RECORDS TO USE:

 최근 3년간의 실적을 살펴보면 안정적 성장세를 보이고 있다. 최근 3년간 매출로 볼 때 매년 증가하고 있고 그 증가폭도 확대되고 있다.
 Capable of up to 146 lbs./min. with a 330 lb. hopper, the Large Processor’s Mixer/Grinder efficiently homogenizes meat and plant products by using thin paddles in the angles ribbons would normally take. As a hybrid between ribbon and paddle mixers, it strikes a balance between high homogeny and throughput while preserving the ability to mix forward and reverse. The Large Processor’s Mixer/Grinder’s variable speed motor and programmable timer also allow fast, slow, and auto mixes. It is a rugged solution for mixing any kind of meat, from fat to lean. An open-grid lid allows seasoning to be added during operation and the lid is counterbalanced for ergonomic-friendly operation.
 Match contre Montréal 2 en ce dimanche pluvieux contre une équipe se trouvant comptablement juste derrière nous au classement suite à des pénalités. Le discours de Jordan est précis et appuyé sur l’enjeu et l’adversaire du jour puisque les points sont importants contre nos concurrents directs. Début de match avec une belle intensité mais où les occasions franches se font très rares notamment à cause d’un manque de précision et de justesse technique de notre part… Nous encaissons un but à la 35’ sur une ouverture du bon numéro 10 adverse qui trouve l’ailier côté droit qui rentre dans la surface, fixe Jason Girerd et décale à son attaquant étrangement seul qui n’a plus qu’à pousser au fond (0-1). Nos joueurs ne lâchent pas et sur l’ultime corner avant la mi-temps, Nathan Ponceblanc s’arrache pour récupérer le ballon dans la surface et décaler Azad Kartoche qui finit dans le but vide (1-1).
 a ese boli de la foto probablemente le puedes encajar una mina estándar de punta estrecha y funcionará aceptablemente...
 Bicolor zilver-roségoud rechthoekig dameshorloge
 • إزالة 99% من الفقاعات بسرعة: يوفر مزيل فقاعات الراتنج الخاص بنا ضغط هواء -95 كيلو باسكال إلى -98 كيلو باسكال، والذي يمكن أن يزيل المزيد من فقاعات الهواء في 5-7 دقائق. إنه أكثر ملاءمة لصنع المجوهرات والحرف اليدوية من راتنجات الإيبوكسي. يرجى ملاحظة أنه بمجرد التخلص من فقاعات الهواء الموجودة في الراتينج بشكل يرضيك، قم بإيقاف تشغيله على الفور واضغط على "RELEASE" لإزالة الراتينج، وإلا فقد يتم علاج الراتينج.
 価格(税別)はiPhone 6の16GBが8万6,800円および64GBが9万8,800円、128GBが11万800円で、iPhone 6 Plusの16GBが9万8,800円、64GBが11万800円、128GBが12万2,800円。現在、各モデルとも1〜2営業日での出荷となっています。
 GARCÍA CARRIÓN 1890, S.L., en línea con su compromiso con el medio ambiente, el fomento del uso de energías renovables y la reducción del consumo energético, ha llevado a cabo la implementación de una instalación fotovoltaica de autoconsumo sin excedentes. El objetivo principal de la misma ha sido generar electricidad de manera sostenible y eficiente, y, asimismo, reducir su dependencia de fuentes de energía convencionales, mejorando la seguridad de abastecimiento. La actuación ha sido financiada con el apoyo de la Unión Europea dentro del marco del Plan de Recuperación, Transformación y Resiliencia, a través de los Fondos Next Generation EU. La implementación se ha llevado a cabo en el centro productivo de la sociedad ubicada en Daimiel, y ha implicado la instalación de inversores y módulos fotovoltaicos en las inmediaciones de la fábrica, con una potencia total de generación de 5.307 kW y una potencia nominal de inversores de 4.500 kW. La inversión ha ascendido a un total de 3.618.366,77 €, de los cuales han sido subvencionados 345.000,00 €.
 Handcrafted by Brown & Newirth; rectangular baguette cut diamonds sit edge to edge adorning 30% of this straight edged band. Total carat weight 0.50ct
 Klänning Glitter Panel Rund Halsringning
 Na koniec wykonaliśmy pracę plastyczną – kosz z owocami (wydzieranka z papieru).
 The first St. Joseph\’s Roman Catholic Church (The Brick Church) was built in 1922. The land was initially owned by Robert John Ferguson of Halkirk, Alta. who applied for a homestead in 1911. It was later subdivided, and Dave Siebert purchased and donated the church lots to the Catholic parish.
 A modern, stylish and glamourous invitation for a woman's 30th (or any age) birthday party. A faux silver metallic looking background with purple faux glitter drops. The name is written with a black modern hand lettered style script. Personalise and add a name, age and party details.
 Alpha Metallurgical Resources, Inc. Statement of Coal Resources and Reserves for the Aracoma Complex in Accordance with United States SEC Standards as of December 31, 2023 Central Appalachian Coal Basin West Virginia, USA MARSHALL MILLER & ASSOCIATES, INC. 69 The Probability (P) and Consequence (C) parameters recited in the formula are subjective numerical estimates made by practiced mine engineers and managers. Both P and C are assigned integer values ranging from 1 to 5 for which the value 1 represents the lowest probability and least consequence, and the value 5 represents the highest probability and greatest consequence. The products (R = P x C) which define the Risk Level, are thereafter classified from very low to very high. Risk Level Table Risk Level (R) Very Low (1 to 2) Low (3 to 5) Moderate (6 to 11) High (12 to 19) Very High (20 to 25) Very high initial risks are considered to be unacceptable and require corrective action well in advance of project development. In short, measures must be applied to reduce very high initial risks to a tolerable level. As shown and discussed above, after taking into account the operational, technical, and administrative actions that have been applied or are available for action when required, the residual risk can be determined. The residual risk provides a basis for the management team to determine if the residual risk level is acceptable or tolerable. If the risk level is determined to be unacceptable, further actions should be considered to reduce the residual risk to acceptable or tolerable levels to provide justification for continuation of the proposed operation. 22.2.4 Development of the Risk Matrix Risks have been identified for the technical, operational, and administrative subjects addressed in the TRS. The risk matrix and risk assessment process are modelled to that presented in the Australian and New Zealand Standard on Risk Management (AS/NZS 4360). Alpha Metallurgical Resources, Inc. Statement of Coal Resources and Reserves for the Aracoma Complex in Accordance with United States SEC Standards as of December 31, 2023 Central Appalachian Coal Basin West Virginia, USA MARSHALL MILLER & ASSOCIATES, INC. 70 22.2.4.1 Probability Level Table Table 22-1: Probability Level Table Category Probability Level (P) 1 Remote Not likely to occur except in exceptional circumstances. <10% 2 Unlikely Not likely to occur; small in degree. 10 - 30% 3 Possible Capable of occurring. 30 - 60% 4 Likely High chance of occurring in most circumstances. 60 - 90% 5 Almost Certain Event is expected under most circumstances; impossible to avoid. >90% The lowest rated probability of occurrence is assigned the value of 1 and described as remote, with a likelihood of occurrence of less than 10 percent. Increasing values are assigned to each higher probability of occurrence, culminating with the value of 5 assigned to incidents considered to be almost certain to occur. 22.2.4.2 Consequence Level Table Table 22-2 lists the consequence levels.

DIRECTIONS FOR THIS TASK:
Restate word for word only the lines above from the line containing "Na koniec wykonaliśmy" to the line containing "The first St.", both of them included.

EXERCISE ANSWER:
 Na koniec wykonaliśmy pracę plastyczną – kosz z owocami (wydzieranka z papieru).
 The first St. Joseph\’s Roman Catholic Church (The Brick Church) was built in 1922. The land was initially owned by Robert John Ferguson of Halkirk, Alta. who applied for a homestead in 1911. It was later subdivided, and Dave Siebert purchased and donated the church lots to the Catholic parish.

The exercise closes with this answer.